IND, propidium iodide (PI), and arachidonic acid (sodium salt) were purchased from Sigma Chemical Co. (St. Louis, MO). A 1:1 mixture of Dulbecco's modified Eagle's medium and Ham's F-12 medium (DMEM/F12) was purchased from Cosmo Bio Co., Ltd. (Tokyo, Japan). Fetal calf serum (FCS) was purchased from Gibco BRL (Grand Island, NY). 7-Amino-4-methyl-coumarin (AMC), acetyl-Tyr-Val-Ala-Asp-AMC (Ac-YVAD-AMC), acetyl-Asp-Glu-Val-Asp-AMC (Ac-DEVD-AMC) and carbobenzoxy-Val-Ala-Asp-fluoromethyl ketone (Z-VAD-FMK) were purchased from Peptide Institute, Inc. (Osaka, Japan). Hoechst 33342 was purchased from Molecular Probes, Inc. (Eugene, OR). Dimethylsulfoxide (DMSO) was purchased from Wako Pure Chemical Industries, Ltd. (Osaka, Japan). NS-398 was purchased from Cayman Chemical Company (Ann Arbor, MI). All other chemicals used were of analytical grade.

Cell Culture.
The rat gastric epithelial cell line RGM1, a nontransformed diploid epithelial line isolated from normal Wistar rat gastric mucosa (10, 11), was obtained from Riken Cell Bank (Tsukuba, Japan). The cells were grown in DMEM/F12 supplemented with 10% FCS, 2 mM glutamine and antibiotics (100 units/ml penicillin, 100 µg/ml streptomycin) at 37°C in a humidified incubator with an atmosphere of 5% CO₂/95% air. All assays were performed before passage 20.

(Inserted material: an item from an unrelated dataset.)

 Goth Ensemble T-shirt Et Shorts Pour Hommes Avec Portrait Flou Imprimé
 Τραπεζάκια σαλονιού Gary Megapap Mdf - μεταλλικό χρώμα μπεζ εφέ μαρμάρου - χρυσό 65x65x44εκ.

IND-Induced Apoptosis and Treatment with a Caspase Inhibitor.
RGM1 cells were grown to near confluency on 90-mm culture dishes. They were then immersed in fresh DMEM/F12 supplemented with 10% FCS and exposed to IND at concentrations ranging from 100 to 1,000 µM for periods of 12, 24, 36, 48, or 72 hr at 37°C under an atmosphere of 5% CO₂/95% air. Additionally, we examined whether treatment with 100–500 µM NS-398 for 48 hr caused apoptosis in RGM1 cells. In some experiments, a pan-caspase inhibitor, Z-VAD-FMK, was added to the medium 1 hr prior to IND administration.

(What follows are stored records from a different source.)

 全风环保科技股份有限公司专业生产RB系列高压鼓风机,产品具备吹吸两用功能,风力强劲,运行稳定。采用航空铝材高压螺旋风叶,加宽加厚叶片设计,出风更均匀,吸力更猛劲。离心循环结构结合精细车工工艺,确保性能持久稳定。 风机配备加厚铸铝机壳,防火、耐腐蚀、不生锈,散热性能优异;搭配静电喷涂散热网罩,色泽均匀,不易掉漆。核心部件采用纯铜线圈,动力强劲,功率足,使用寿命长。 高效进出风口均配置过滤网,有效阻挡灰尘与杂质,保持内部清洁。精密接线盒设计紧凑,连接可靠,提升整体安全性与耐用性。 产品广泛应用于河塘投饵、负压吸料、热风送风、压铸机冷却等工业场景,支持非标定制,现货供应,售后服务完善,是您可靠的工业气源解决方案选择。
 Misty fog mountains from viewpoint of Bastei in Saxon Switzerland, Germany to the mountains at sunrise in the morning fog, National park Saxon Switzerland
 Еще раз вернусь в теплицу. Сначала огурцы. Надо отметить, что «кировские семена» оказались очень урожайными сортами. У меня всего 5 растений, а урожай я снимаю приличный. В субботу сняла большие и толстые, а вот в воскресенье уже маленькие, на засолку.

Cytofluorometric Analysis of Apoptosis.
The occurrence of apoptosis was analyzed by flow cytometry according to a previously described method (12). Untreated or IND-treated cells were resuspended by trypsinization, washed twice in phosphate-buffered saline (PBS), and fixed in 70% ethanol. They were then centrifuged at 800g for 5 min, washed once in PBS, resuspended in phosphate-citrate buffer, and left to stand at room temperature for at least 30 min. After washing in PBS, the cells were treated with 0.1 mg/ml RNase A for 30 min at 37°C, and stained with 50 µg/ml PI. In each experiment, 10,000 cells were analyzed on an Epics cytofluorometer (Beckman Coulter, Inc., Fullerton, CA). Apoptotic cells were detected as a hypodiploid DNA peak (sub-G1). Each experiment was repeated at least three times.

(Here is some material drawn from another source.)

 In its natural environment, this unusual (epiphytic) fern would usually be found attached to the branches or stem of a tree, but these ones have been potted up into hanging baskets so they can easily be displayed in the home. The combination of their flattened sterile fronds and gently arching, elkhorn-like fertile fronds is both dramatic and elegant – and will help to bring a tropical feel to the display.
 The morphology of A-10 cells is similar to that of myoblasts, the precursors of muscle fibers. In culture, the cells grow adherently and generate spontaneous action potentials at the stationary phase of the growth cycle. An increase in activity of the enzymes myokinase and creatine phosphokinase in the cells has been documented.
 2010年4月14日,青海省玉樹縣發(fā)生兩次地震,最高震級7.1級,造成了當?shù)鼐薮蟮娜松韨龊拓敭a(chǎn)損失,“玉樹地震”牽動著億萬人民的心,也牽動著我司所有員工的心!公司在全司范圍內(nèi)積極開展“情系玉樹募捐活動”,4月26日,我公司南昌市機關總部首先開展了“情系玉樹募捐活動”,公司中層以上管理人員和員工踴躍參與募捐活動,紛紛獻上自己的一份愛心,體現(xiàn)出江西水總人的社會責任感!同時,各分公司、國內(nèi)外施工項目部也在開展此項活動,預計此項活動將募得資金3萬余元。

Nuclear Fragmentation Assay.
Cells were incubated with IND at 37°C, washed with PBS, and fixed with 2% glutaraldehyde for 2 hr. Samples were centrifuged, resuspended in PBS, stained with 1 mM Hoechst 33342, mounted on a glass slide, and observed using fluorescence microscopy.

Determination of Caspase Activity.
The activities of caspase-1-like protease and caspase-3-like protease, referred to hereafter as YVADase and DEVDase, respectively, were determined as described previously (6). Briefly, measurement of their activities was based on cleavage of the fluorogenic peptide substrates Ac-YVAD-AMC and Ac-DEVD-AMC during a 60-min incubation at 37°C. One unit of protease activity was defined as the amount of enzyme required to release 1 pmol AMC/min.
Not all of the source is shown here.